Friday TED Talk: Magnus Larsson on Turning Dunes into Architecture

This was one of the more remarkable talks given at the TED Global Conference at Oxford in 2009. Magnus Larsson is still a student in architecture at University College London. He heard about a team at the University of California at Davis which had been studying how to apply the microorganism bacillus pasteurii to solidify the ground in earthquake-prone areas. This remarkable bacterium
lives between sand grains and in soils. Research by Professor Jason DeJong and his colleagues at the University of California at Davis and the University of Massachusetts have shown that the bacterium causes calcite, or calcium carbonate, to precipitate, which glues the grains together. Inject sand with cultures of these bacteria, feed them well, provide oxygen and a source of calcium, and they will turn loose sand into solid rock. As DeJong says, "Starting from a sand pile, you turn it back into sandstone."
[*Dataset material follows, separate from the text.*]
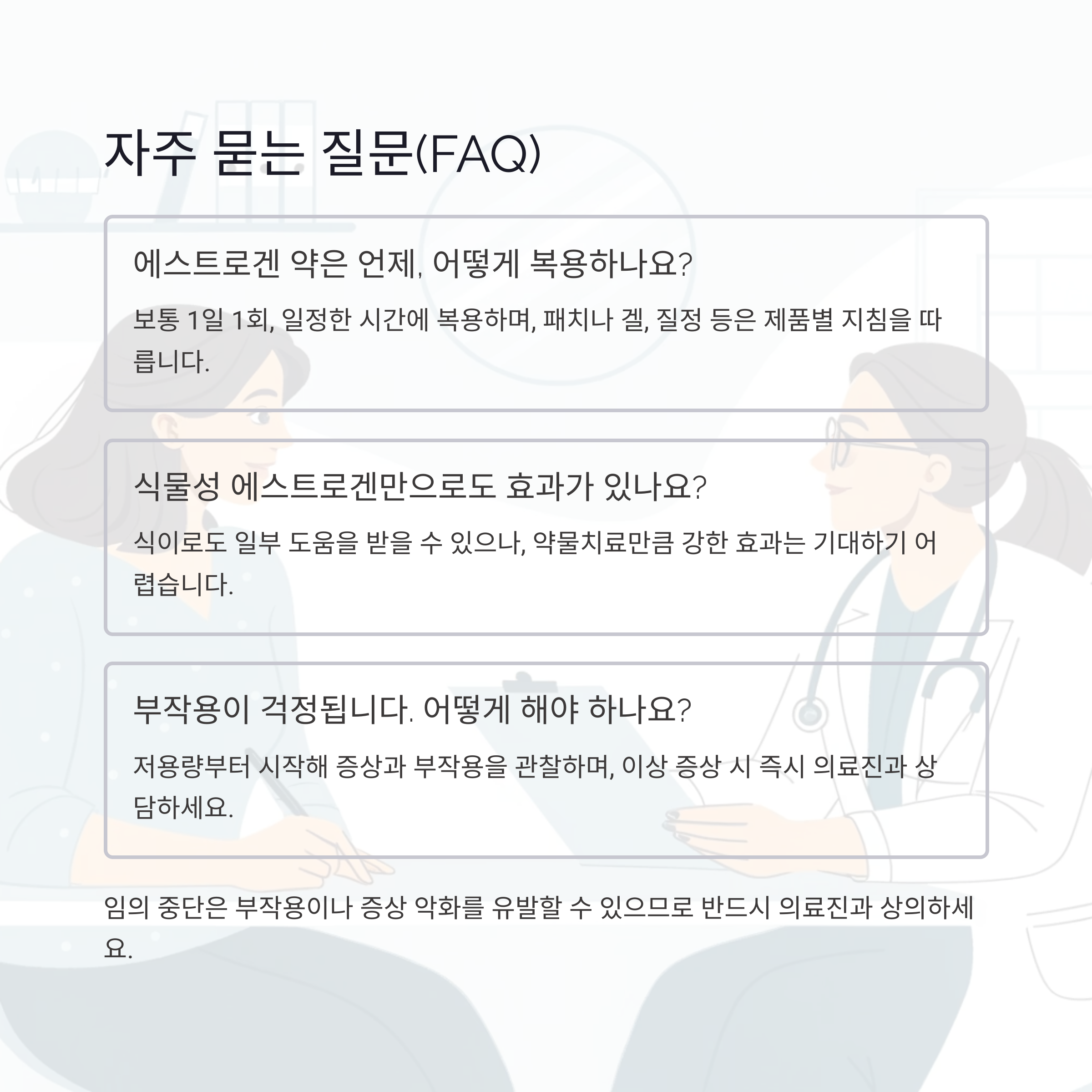A. 저용량부터 시작해 증상과 부작용을 관찰하며, 이상 증상 시 즉시 의료진과 상담하세요. - Q. 에스트로겐 복용 중 운동이나 식단 조절이 필요한가요?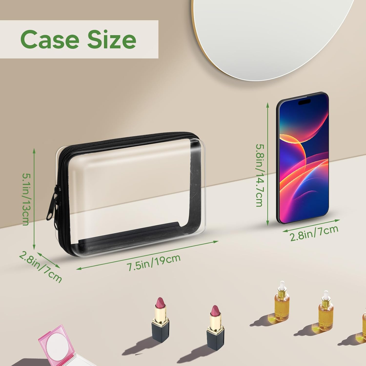 - HIGH QUALITY MATERIALS: The hard shell clear pouch are made from premium hard PC material, ensuring reliability and durability. It is more durable and convenient kit ensures that your travel makeup or toiletries well organized. No longer worry about travel toiletry bag splitting easily and cosmetics spread anywhere!

Magnus Larsson describes in the video below his project to use the properties of this bacterium to build a "Great Wall" across the southern Sahara Desert. The wall would provide shelter for nomads and wildlife while simultaneously acting as a natural barrier to protect against the destructive sandstorms of the region. As he describes it: "All I did was to deliberately misapply their technology ... and to pump up the scale, and turn it into a 6,000-km-long wall that's made of sand and protects against sand."






You may read more about Magnus Larsson and his project in the link provided above, as well as at this page. His talk may be downloaded from this page. It is a brilliant example of adapting nature to improve nature.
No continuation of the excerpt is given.